• [Work order] Your job is to print, exactly, the lines in the data below from the line with "- ネクタイ ポケットチーフ付" through the line with "I transformed my", both included, and to omit any picture.

#### Record extracts

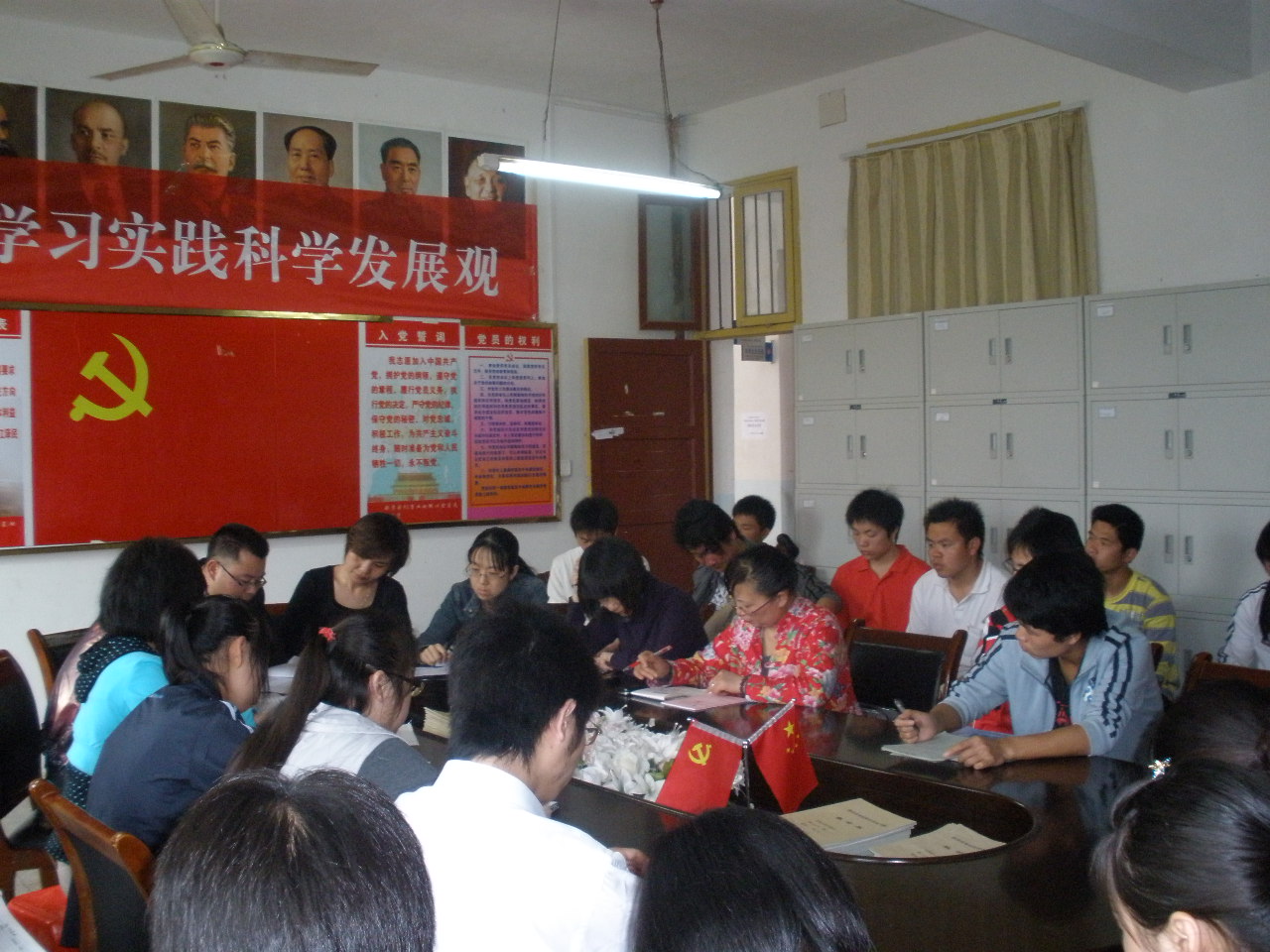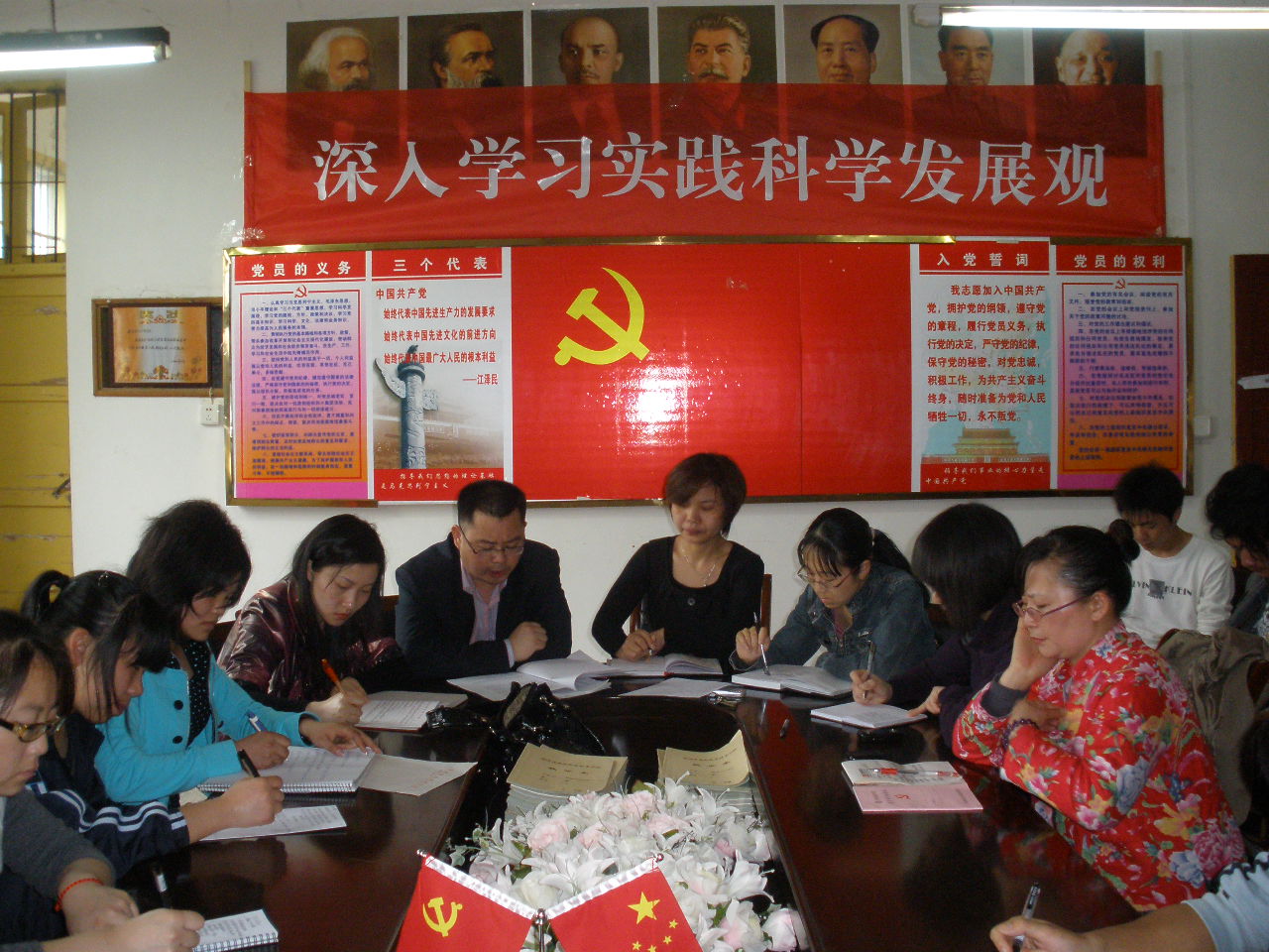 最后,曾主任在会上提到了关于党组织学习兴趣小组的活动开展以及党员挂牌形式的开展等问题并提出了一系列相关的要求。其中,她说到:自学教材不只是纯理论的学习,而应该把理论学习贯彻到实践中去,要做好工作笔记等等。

########
#### Record extracts

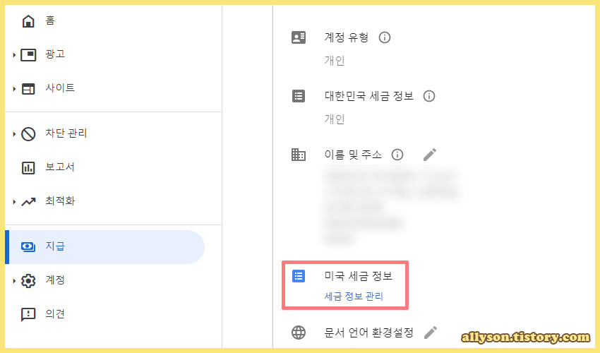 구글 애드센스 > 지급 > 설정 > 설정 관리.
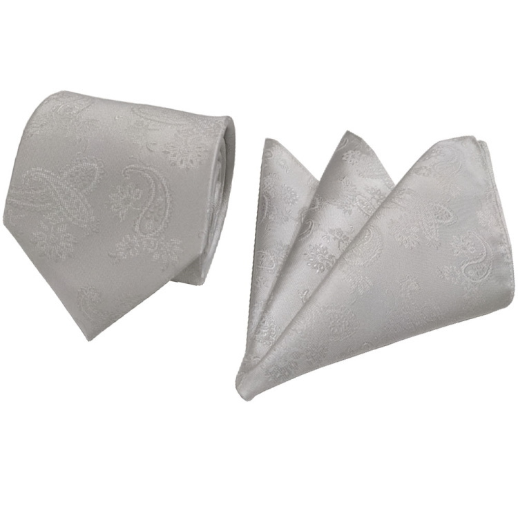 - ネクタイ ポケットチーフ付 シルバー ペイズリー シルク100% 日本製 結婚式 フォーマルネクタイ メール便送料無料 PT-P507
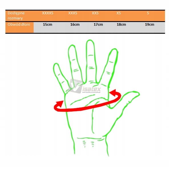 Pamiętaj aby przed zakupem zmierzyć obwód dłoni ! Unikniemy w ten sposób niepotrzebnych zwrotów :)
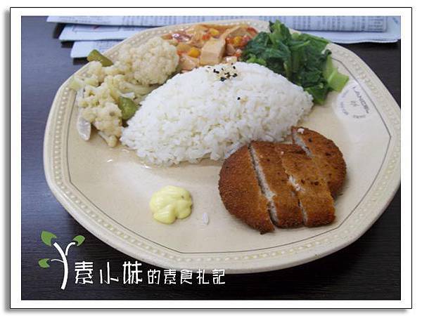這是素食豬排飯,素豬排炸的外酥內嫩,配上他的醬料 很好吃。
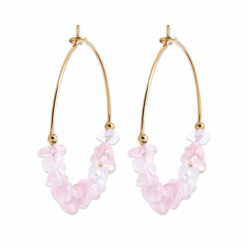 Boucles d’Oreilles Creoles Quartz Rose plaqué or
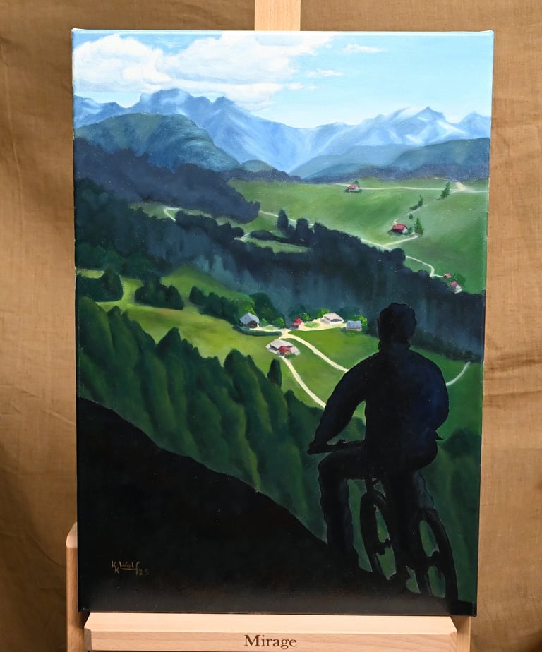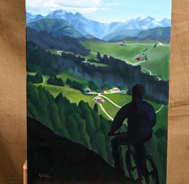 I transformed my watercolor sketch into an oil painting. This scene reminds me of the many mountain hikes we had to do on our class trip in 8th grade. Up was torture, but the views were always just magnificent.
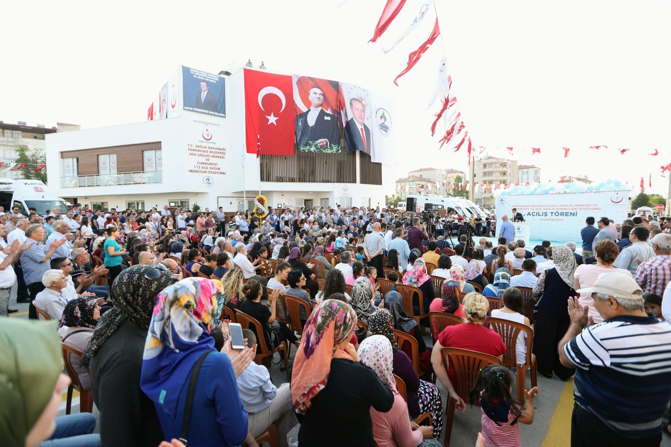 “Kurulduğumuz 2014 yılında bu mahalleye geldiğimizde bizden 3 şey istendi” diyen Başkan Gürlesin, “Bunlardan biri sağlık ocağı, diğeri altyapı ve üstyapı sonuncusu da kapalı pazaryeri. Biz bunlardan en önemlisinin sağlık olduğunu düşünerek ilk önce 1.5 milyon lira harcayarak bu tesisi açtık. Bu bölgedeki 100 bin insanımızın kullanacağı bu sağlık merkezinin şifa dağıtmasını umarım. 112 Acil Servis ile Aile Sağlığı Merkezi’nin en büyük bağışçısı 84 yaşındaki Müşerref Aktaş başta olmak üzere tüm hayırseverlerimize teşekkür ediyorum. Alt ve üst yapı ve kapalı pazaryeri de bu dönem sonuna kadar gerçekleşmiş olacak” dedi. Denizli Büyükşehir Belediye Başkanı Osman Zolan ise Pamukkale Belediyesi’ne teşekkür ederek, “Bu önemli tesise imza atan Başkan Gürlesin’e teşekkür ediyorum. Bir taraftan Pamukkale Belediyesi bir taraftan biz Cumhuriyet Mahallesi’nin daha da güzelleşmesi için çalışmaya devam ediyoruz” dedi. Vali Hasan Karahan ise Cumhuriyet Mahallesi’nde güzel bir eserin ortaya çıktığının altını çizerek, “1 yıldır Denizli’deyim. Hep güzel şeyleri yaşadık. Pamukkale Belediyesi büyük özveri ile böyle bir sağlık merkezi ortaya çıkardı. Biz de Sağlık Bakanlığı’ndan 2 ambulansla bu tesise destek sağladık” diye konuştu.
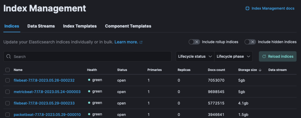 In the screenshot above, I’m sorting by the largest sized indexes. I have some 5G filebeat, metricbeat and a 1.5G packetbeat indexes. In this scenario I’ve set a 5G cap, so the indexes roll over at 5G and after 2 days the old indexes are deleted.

########
#### Record extracts

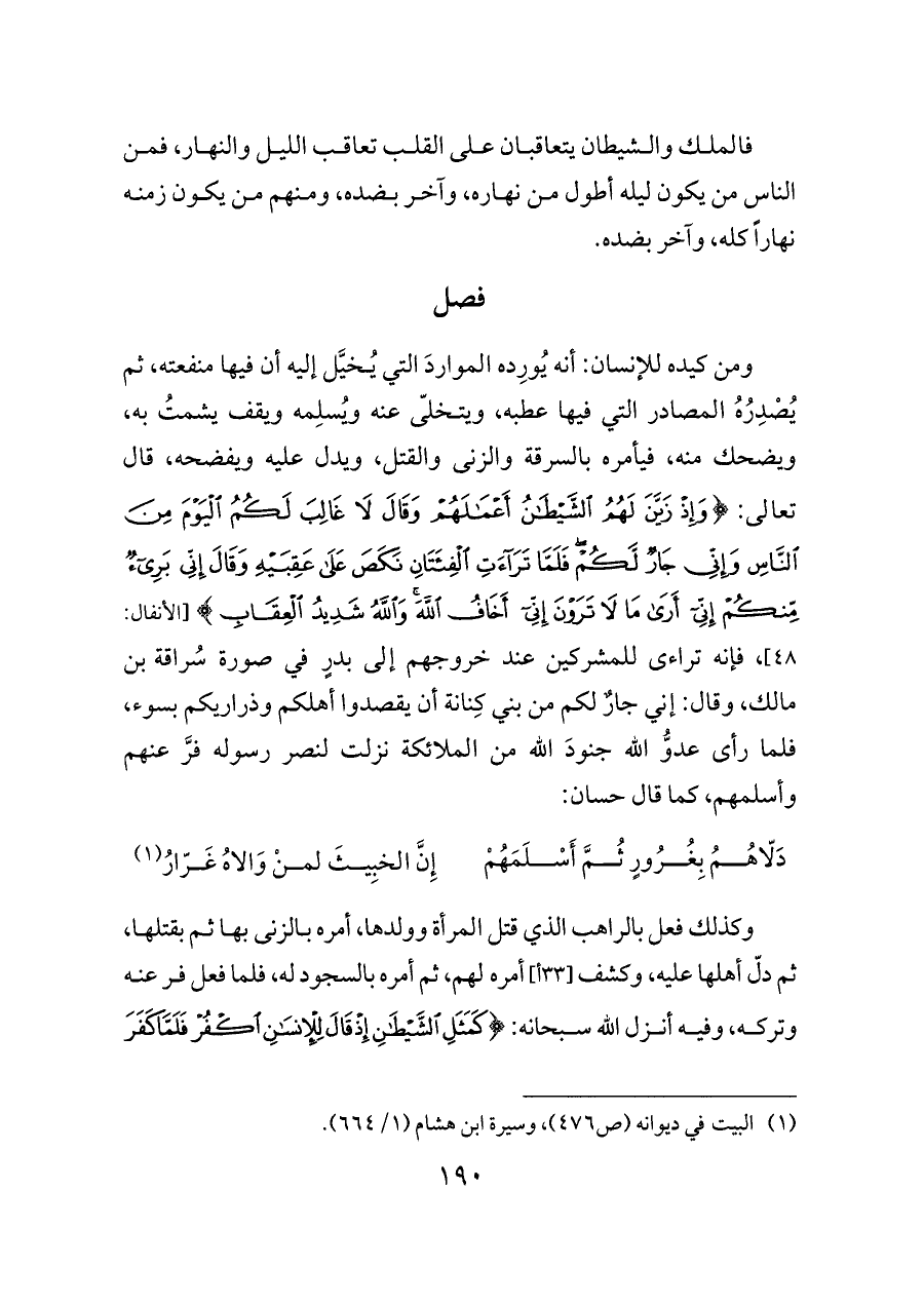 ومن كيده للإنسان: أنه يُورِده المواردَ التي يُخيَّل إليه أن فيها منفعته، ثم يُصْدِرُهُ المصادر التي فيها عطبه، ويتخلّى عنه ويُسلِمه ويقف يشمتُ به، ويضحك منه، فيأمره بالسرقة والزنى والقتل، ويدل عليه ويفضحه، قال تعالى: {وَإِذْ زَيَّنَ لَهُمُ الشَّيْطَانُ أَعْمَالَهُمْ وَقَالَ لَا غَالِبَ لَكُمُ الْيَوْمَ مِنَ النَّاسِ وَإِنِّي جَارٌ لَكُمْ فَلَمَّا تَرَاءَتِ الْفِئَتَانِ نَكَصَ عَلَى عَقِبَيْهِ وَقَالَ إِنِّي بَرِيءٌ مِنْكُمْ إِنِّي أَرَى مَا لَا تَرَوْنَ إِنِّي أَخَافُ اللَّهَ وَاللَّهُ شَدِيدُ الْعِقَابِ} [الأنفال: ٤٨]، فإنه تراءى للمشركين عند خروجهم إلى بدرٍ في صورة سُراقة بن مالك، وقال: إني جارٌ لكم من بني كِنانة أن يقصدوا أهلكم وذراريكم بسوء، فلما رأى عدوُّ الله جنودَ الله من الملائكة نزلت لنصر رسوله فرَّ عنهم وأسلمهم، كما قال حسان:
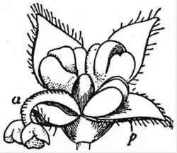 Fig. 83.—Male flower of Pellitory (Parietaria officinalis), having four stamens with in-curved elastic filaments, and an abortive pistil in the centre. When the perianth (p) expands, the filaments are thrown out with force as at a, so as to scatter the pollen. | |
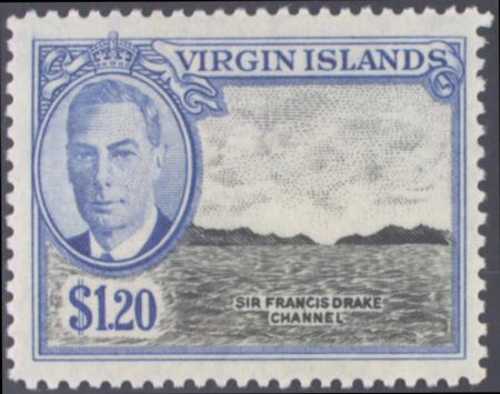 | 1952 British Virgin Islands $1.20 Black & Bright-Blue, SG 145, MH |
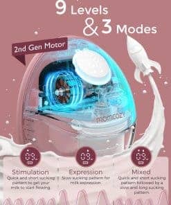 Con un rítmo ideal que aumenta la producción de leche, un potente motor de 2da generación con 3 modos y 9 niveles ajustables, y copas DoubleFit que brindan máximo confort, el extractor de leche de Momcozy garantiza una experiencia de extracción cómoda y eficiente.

########

• [Task solution]
 - ネクタイ ポケットチーフ付 シルバー ペイズリー シルク100% 日本製 結婚式 フォーマルネクタイ メール便送料無料 PT-P507
 Pamiętaj aby przed zakupem zmierzyć obwód dłoni ! Unikniemy w ten sposób niepotrzebnych zwrotów :)
這是素食豬排飯,素豬排炸的外酥內嫩,配上他的醬料 很好吃。
 Boucles d’Oreilles Creoles Quartz Rose plaqué or
 I transformed my watercolor sketch into an oil painting. This scene reminds me of the many mountain hikes we had to do on our class trip in 8th grade. Up was torture, but the views were always just magnificent.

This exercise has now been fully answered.